TASK DESCRIPTION:
Reproduce the listing below from the line with "Nimm eine große" to the line with "Владика Ксенофонт је", both lines included, character for character, minus any pictures.

RECORDS TO PROCESS:
================
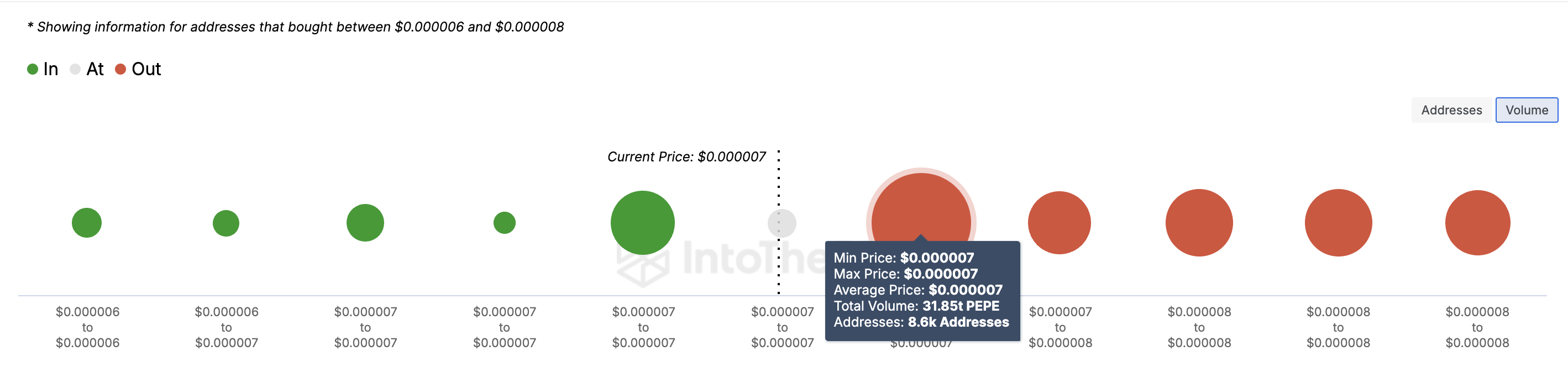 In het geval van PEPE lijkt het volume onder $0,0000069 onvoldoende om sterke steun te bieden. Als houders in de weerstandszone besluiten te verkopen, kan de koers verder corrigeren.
================
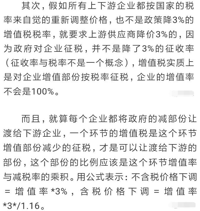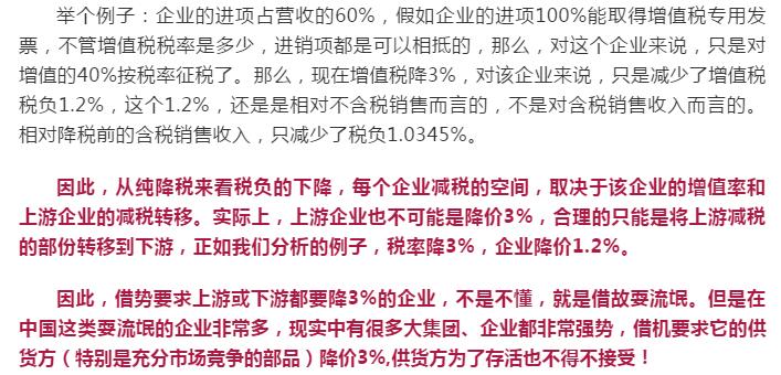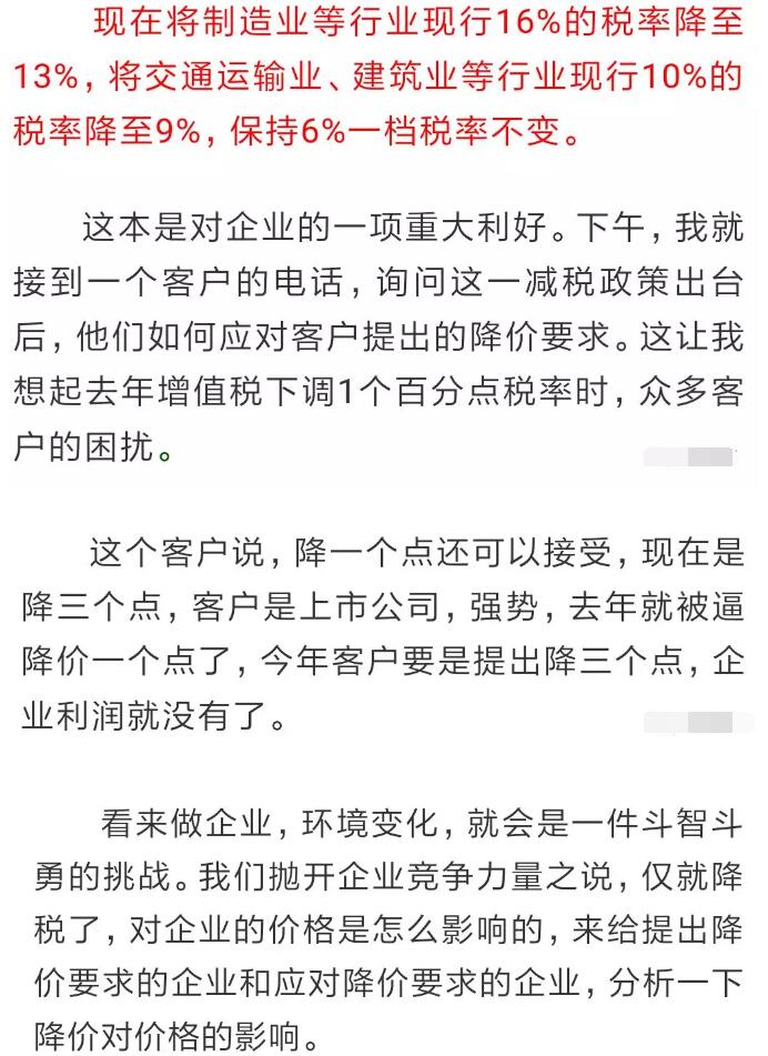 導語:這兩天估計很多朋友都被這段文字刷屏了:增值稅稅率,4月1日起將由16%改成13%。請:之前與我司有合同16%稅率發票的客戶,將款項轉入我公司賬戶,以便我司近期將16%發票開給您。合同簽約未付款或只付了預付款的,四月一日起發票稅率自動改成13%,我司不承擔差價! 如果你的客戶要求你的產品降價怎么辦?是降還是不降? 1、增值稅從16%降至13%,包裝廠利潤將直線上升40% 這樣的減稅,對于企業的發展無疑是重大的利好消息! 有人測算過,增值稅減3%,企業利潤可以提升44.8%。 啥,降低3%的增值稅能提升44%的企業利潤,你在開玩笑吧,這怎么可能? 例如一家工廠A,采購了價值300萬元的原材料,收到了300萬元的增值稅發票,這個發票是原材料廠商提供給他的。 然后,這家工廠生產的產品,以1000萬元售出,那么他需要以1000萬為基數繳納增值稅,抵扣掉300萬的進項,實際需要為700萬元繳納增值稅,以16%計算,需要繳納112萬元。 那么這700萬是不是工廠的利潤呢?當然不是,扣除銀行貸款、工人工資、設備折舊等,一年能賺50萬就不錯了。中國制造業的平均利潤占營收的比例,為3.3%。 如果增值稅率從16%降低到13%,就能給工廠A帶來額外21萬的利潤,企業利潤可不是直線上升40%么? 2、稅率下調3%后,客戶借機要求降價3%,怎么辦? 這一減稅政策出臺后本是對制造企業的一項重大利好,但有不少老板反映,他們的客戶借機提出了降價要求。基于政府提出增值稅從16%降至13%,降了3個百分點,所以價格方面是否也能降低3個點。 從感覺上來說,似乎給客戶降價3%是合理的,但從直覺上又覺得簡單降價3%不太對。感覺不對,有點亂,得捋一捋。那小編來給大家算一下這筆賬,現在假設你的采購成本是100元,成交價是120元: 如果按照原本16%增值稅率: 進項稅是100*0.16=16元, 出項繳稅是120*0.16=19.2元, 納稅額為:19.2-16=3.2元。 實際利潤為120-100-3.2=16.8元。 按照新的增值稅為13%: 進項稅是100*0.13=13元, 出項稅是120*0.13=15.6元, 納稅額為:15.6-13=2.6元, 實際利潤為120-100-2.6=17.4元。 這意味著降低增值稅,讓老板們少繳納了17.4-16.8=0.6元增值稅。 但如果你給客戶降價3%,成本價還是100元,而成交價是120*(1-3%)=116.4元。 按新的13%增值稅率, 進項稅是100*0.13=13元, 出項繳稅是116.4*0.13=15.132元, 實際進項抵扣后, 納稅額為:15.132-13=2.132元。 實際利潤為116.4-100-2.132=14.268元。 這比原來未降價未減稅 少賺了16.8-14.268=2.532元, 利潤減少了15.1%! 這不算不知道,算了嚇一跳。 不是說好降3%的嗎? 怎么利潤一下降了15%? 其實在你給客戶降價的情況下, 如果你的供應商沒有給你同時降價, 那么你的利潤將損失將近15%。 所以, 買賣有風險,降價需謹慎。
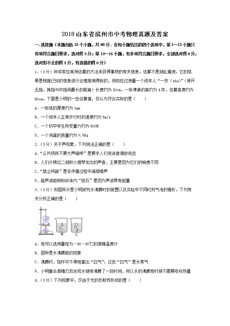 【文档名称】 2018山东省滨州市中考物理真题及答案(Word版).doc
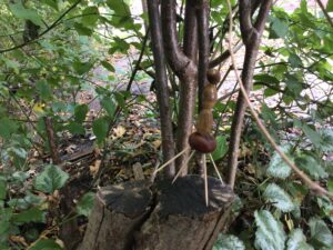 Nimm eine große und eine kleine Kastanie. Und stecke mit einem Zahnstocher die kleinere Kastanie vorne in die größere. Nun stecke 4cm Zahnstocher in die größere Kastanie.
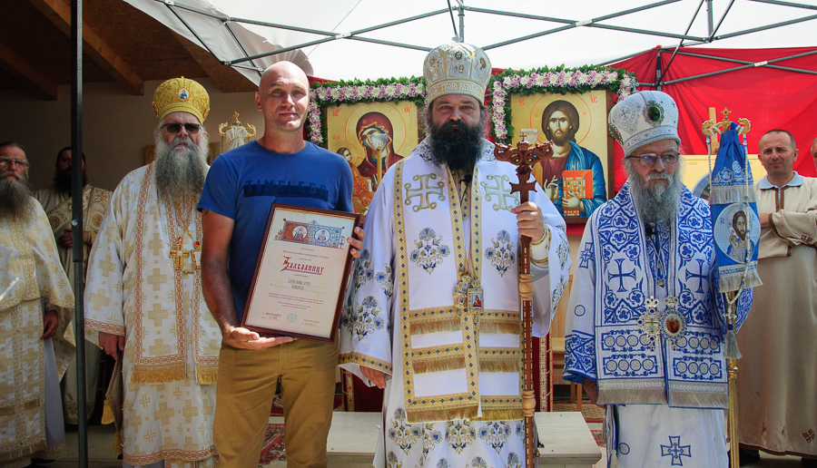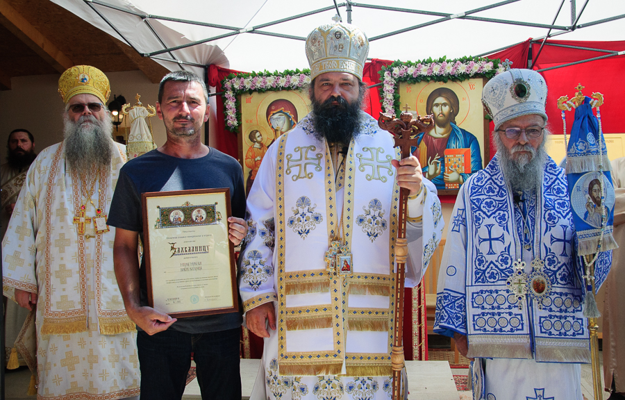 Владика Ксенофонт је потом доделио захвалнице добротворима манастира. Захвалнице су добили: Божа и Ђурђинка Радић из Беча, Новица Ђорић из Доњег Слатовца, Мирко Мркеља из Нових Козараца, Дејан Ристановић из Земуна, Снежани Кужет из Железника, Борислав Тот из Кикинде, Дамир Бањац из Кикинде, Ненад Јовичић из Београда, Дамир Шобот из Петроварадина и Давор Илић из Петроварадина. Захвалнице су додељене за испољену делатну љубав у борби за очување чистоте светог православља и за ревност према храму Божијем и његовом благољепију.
================
SOLUTION FOR THIS EXERCISE:
 Nimm eine große und eine kleine Kastanie. Und stecke mit einem Zahnstocher die kleinere Kastanie vorne in die größere. Nun stecke 4cm Zahnstocher in die größere Kastanie.
 Владика Ксенофонт је потом доделио захвалнице добротворима манастира. Захвалнице су добили: Божа и Ђурђинка Радић из Беча, Новица Ђорић из Доњег Слатовца, Мирко Мркеља из Нових Козараца, Дејан Ристановић из Земуна, Снежани Кужет из Железника, Борислав Тот из Кикинде, Дамир Бањац из Кикинде, Ненад Јовичић из Београда, Дамир Шобот из Петроварадина и Давор Илић из Петроварадина. Захвалнице су додељене за испољену делатну љубав у борби за очување чистоте светог православља и за ревност према храму Божијем и његовом благољепију.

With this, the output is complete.